**HOW TO COMPLETE THIS TASK**
Taking the entries below, transcribe only the lines starting with the one with "所以,其实 RAC 的改进,在不断通过多进程的并行,增加各种核心功能的速度,以下列举了" and going on through the one with "Billet anodised alloy", exactly as written, without the pictures.

**MATERIAL PROVIDED**
· · · ·
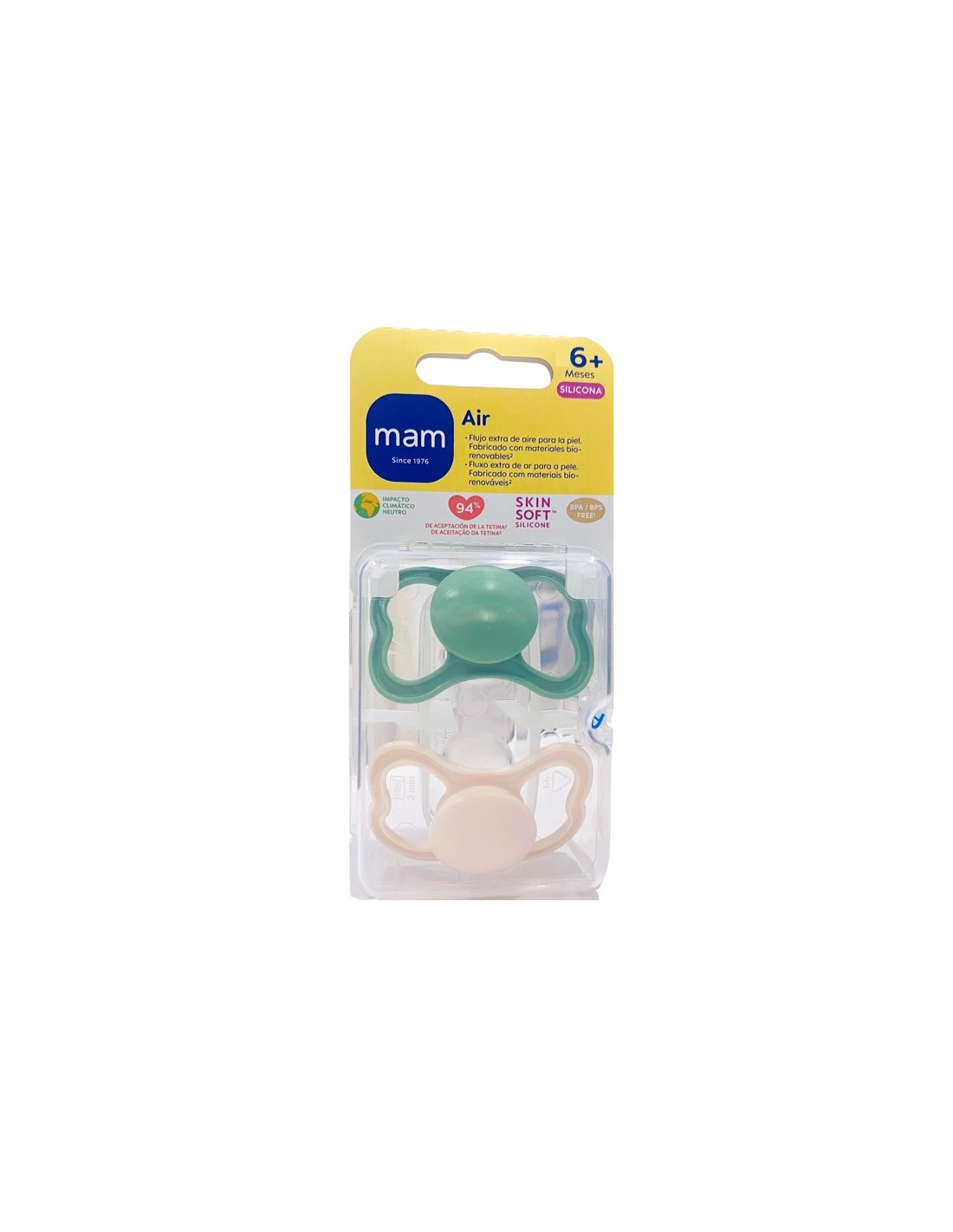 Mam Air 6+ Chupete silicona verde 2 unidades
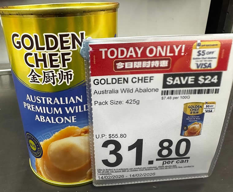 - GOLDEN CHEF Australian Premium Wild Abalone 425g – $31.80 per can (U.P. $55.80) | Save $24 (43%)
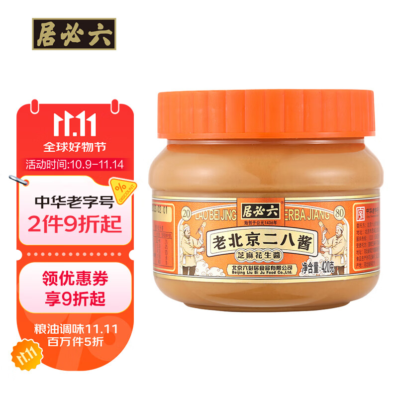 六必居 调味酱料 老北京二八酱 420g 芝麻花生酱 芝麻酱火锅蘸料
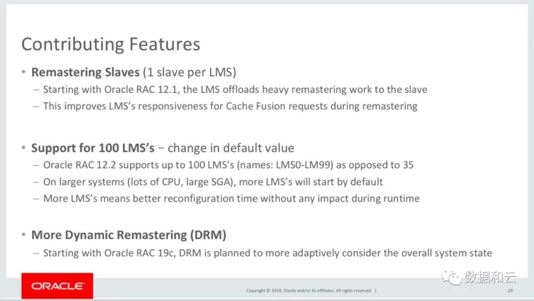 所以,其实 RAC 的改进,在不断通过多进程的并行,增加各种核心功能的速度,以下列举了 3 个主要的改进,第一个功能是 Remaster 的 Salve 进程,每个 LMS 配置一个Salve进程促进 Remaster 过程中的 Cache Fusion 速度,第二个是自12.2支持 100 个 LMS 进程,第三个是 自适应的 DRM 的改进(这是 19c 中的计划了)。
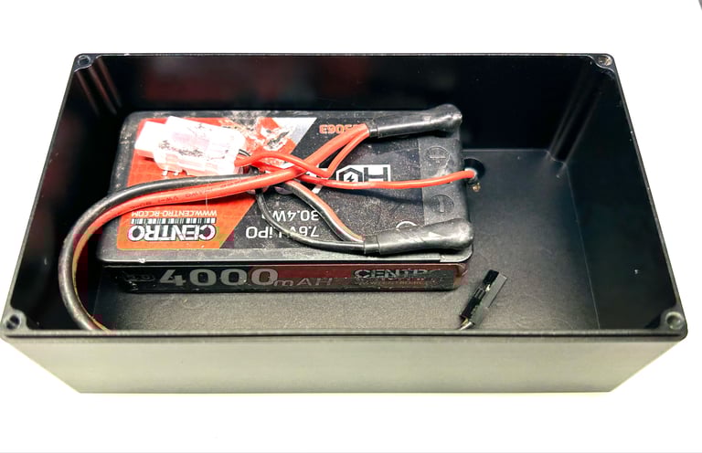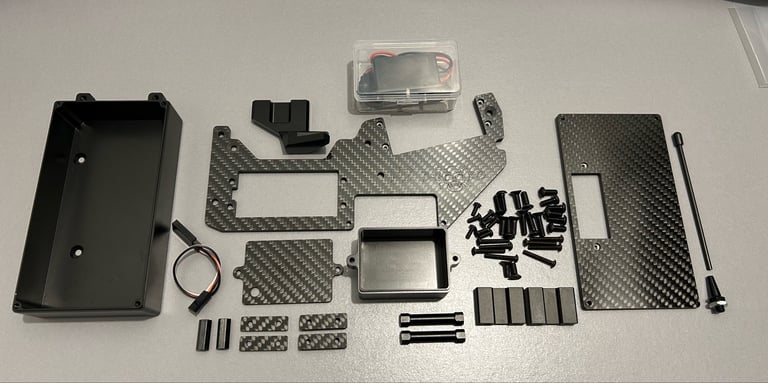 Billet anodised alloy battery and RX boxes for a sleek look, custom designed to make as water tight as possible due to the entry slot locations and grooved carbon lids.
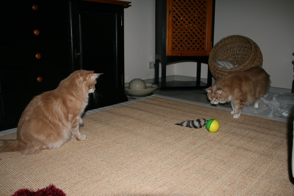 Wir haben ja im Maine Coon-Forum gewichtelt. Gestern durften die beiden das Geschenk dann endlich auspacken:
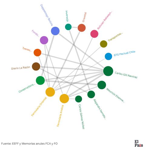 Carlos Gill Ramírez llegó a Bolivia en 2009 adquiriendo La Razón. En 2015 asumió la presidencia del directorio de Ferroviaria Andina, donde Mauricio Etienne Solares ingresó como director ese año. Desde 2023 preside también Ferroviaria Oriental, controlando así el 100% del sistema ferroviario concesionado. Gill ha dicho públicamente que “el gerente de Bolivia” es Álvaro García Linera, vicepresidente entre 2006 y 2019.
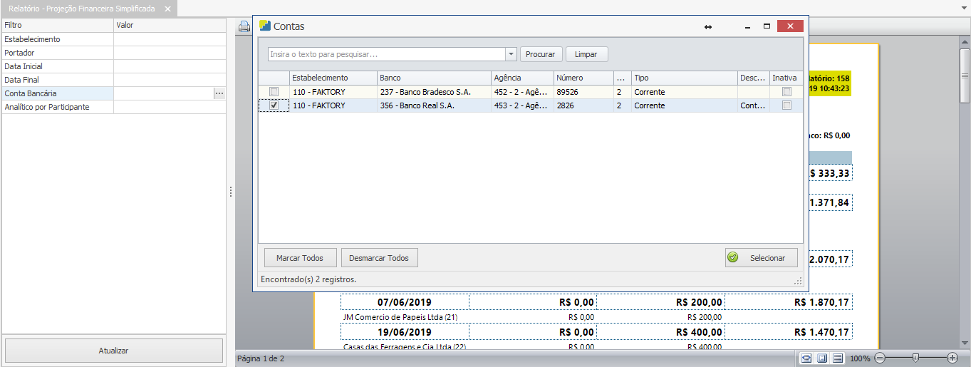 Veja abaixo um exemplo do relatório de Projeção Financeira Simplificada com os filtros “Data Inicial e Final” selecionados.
· · · ·
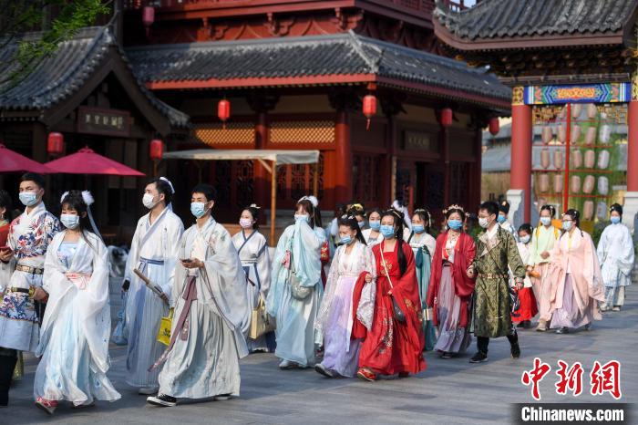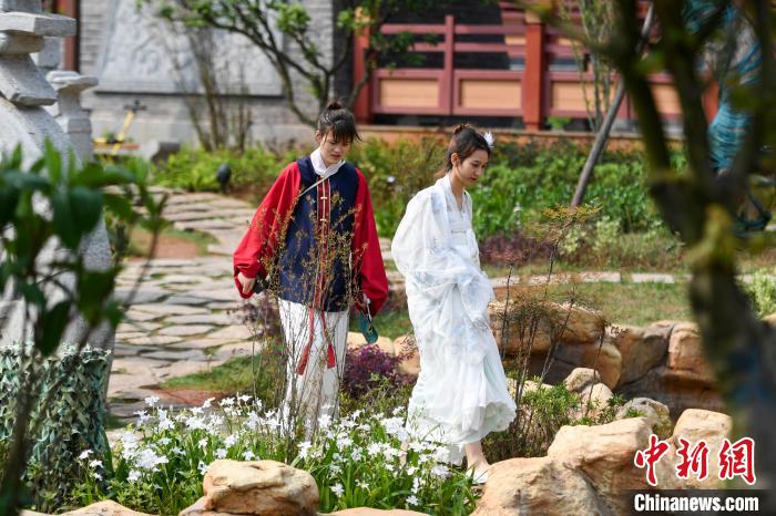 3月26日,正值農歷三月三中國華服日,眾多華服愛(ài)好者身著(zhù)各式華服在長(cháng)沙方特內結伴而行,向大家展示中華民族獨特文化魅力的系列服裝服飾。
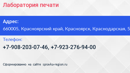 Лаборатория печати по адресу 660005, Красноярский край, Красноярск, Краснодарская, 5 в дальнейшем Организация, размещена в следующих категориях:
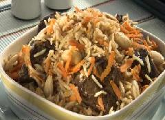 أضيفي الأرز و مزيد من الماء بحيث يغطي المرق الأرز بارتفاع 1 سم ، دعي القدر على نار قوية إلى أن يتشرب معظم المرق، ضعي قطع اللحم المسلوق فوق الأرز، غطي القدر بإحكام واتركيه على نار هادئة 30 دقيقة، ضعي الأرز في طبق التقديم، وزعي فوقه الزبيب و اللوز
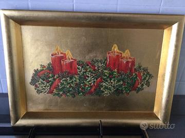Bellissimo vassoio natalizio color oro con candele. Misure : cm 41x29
· · · ·
**YOUR SOLUTION**
 所以,其实 RAC 的改进,在不断通过多进程的并行,增加各种核心功能的速度,以下列举了 3 个主要的改进,第一个功能是 Remaster 的 Salve 进程,每个 LMS 配置一个Salve进程促进 Remaster 过程中的 Cache Fusion 速度,第二个是自12.2支持 100 个 LMS 进程,第三个是 自适应的 DRM 的改进(这是 19c 中的计划了)。
 Billet anodised alloy battery and RX boxes for a sleek look, custom designed to make as water tight as possible due to the entry slot locations and grooved carbon lids.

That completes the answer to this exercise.